Старик поднял голову, долго смотрел в седую мглу ночи. Когда Инжеватов к ним подошел и поздоровался, он, кивнув, сказал:
— Намного слабее, парень. — Голос с хрипотцой сразу разрубил тишину ночи. — Много тропок-дорог пришлось мне исходить, с нуждою рядышком сидел, конечно, и радости бывали, а вот погибших парней никогда не забуду. Они землю нашу от ногайцев спасли и освободили от поляков. О том говорю, что на сердце имею. Тяжело без воли-волюшки, очень тяжело, а вот как душу народную заполонить, скажи-ка мне? Ничем ее в полон не взять. Бессмертная она!
Долго рассказывал старик о прежней жизни. Обо всём знал: чем и как мать-земля живет, как она родилась и расширялась. От услышанного Тикшаю стало хорошо: на волю он убежал не зря. Оказывается, и ему, рожденному свободным, только воля нужна. И он ее найдет обязательно.

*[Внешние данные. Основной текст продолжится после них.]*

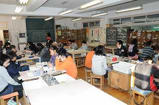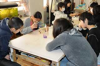 紫キャベツを使って、水溶液の性質を探る実験をしています。
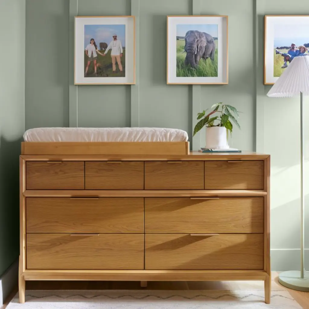 Swiftly convert your dresser into a changing table with our modern, clean-lined topper. This changing table topper complements dressers with natural oak finishes, and the necessary hardware to secure the two pieces together is included with purchase. As soon as baby outgrows diapers, you can simply detach this smartly designed topper and continue using the dresser for years to come. Easy to attach and remove, it's lined with felt to protect the dresser's surface. Changing pad sold separately.

В одном только со стариком он был не согласен: что храбрые и сильные духом на Руси перевелись. Дед стар, где ему знать, сколько красивых и смелых парней осталось лежать под Смоленском и у моря, сколько их, безымянных, и теперь падает от вражьих пистолей и мушкетов — числом не сосчитать. Тикшаю вспомнился казак Чухрай. Где он, донской хлебопашец, жив ли? Много казаков с ним служило, они теперь со своим вожаком, Стенькой Разиным, слышал, против господ своих поднялись. За волю свою и свободу. Он должен их найти. У него тоже есть за что бороться.
Глава одиннадцатая
Федосье Прокопьевне приснился дурной сон: будто сидит она на крылечке и целует огромного пса. Стыдоба, да и только! Задумалась о значении сна — мысли обратились к мужу. Двадцать лет она прожила с Глебом Ивановичем — грустных двадцать зим и лет. Теперь муж ее по тому свету бродит, по светлому раю. За братом своим, Борисом Ивановичем, вскоре последовал. Субботним вечером вернулся из бани, прилег на лавке и… «Барин, проснись, время за стол садиться, рыбки тебе пожарила», — пыталась разбудить его Параша, да где там… Ноги у хозяина уже были холодными, как лед. Шестьдесят семь ему недавно исполнилось, о смерти и не помышлял. Помер тихо, спокойно, так же, как и прожил свою спокойную жизнь, согласно своему характеру. В споры-вздоры, в лишние разговоры не встревал. Царские приказы прилежно выполнял, постоянно в разъездах был. Из Киева — в Ригу, из Риги — в Польшу. В Посольском приказе такая работа.